In the off-season, Struch signed with the Regina Pats as an assistant coach, in May 2015 his role grew, also taking on the duties of Assistant General Manager, under Head Coach and GM John Paddock. In June 2018, the Pats promoted Struch to Head Coach after Paddock chose to focus solely on his GM duties. Under this guidance the Pats have performed admirably, however, the team hasn't been able to make it to the playoffs.
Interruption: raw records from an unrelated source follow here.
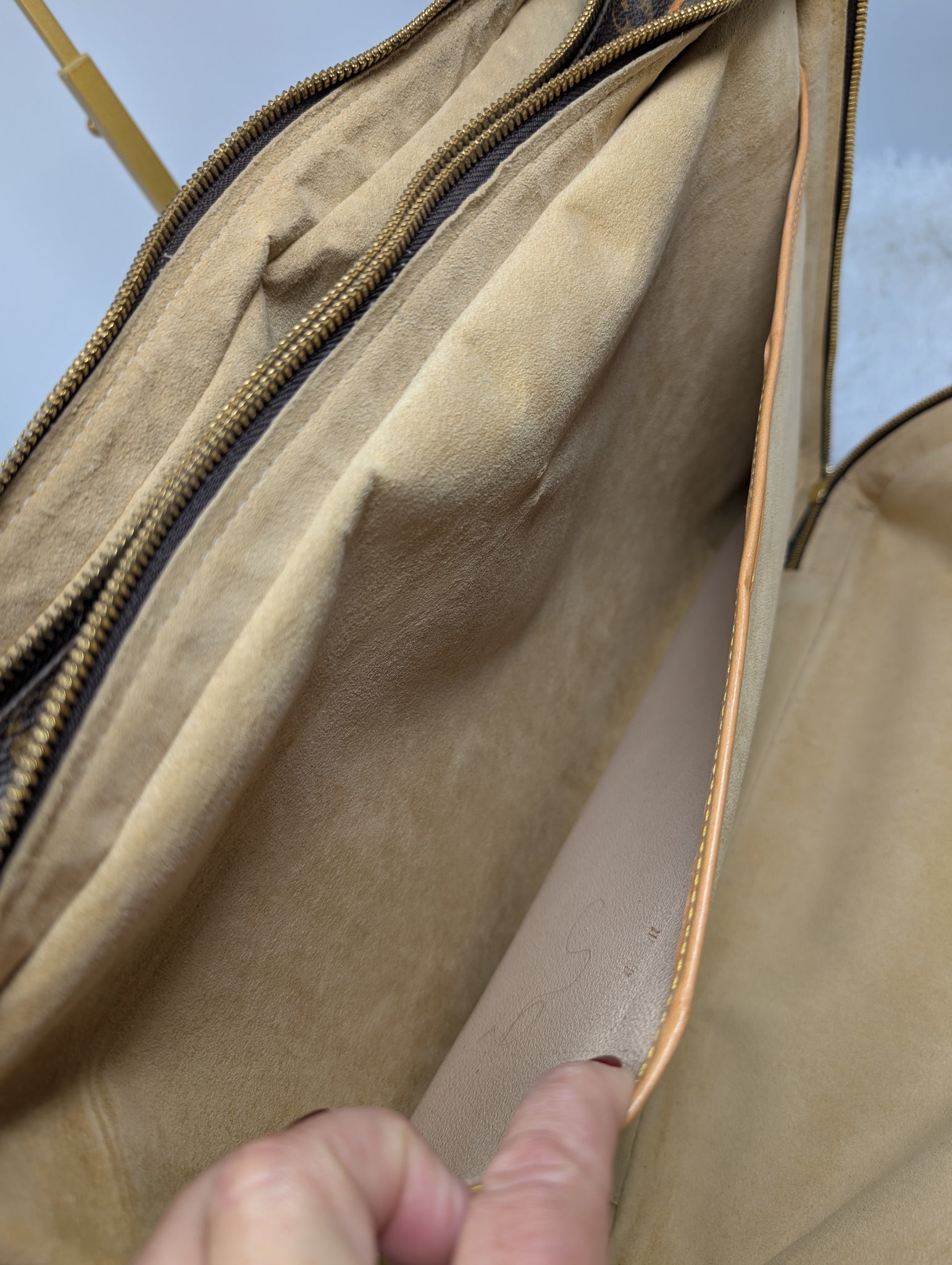 Interior pockets that are lined are sticky and peeling. Common issue with this age bag (2000). The main suede compartments of the bag are fine.
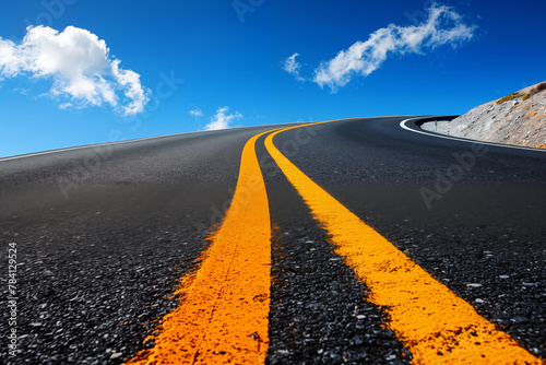 © wazamai, Naklejka premium Dramatic view of a curvy mountain road with vivid yellow stripes
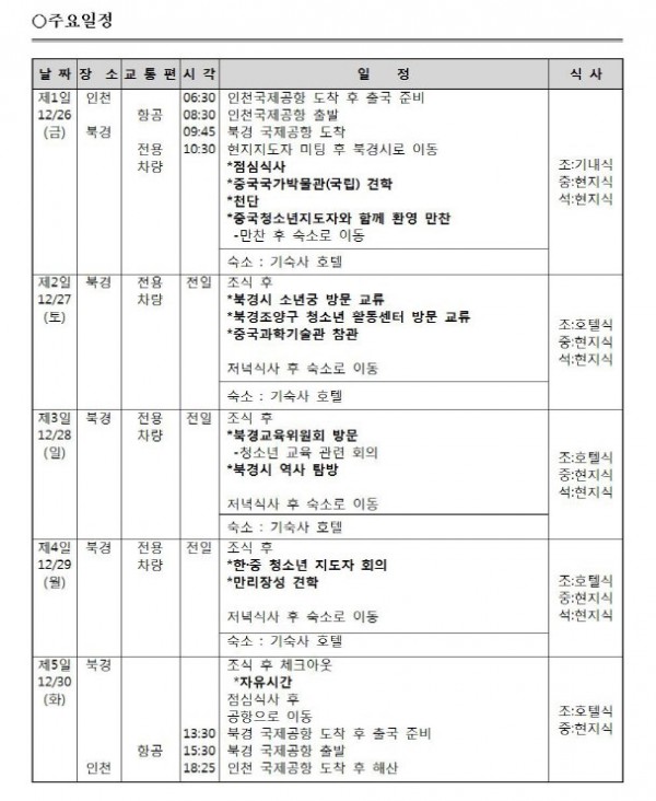 북경 자치별 교육위원회와의 사전 협의에 의해 한중 청소년 지도자 교류를 활성화 하기 위한

In addition to his duties with the Pats, Struch is also involved with the Canadian national junior teams, having served as an Assistant Coach for Team Canada during the 2016 World U-17 Hockey Challenge. The following year he was named Head Coach of the same team. In 2019 he was part of the Team Canada coaching team at the IIHF World U18 Championship.

Struch was relieved of his duties as the head coach of the Pats on November 18, 2021.

==Personal life==
Struch is married to his wife, Andrea, and has three children.